また大塚さんの新宿遍歴の歴史は、「パル」「クロノス」という二軒のゲイバーを経てタックスノットをオープンに至るのだが(その間にラジオ番組「スネークマン・ショー」のパーソナリティーとしてゲイの自覚を訴え続けた)、このクロノスという店も新宿二丁目のゲイの歴史に一時代を画する店であり、タックスノット開店の前史がきちんと語られたことも重要である。

しかしながら、この本は、通常の意味でのゲイ向けの本ではない。最初にこの本が企画された段階では、ゲイ以外の人を対象に、特定のパートナーを見つけその人と一緒に暮らすためにはどのようなことが重要なのか(二人で生きる技術)を、ゲイである大塚さん自身を素材として語るということにポイントがあったといい、こうした当初の狙いと大塚さんの個性があいまって、ゲイを特殊な関係として描くということをまったくしていない。要は、この本はゲイのパートナーシップについて知ってもらうことや考えてもらうことを目的とした本ではなく、ゲイのカップルを題材にしてパートナーシップ全体の問題を考えてもらうことを目的とした本なのだ。

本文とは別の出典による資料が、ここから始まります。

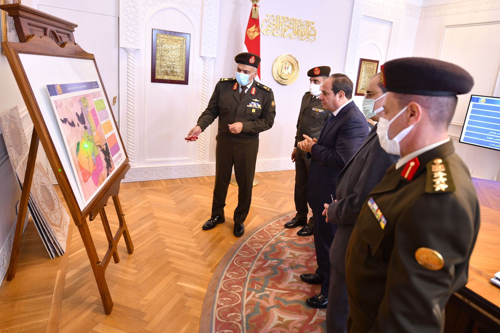 كما تم استعراض الموقف الإنشائي والهندسي لعدد من المنشآت بالعاصمة الإدارية الجديدة، خاصةً مسجد مصر، والتصميمات الهندسية للجداريات والقاعات به، لاسيما قاعة "دار القرآن الكريم"، فضلًا عن عرض الموقف التنفيذي لكلٍ من ساحة الشعب وساري العلم، وكذلك القيادة الاستراتيجية.

とはいえ、この本にゲイ向けの視線が欠如しているわけではない。むしろ、出会っては別れるということを繰り返し、それがあたり前のことと考えているゲイたちに対し、大塚さんは、人と暮らすことはとても大変だけれどもすばらしいことなのだということを、5人のパートナーとの出会いと別れを公開することで、身を切るような切実さで訴えている。

ところで、この本のなかで一番美しく、胸をうつのは2番目のパートナー・カズさんとのエピソードの数々だろう。実はカズさんは私と同じ世代なのだが、大塚さんはこのカズさんをHIVでなくしている。この本は、そうしたカズさんに対するレクィエムなのだなということをひしひしと感じた。
とはいえ、そういう運命の人を失ってからまた新たにパートナーを求め続けているというのが大塚さんのバイタリティーなのであり、そのことがこの本を前向きで筋のとおったものにしている。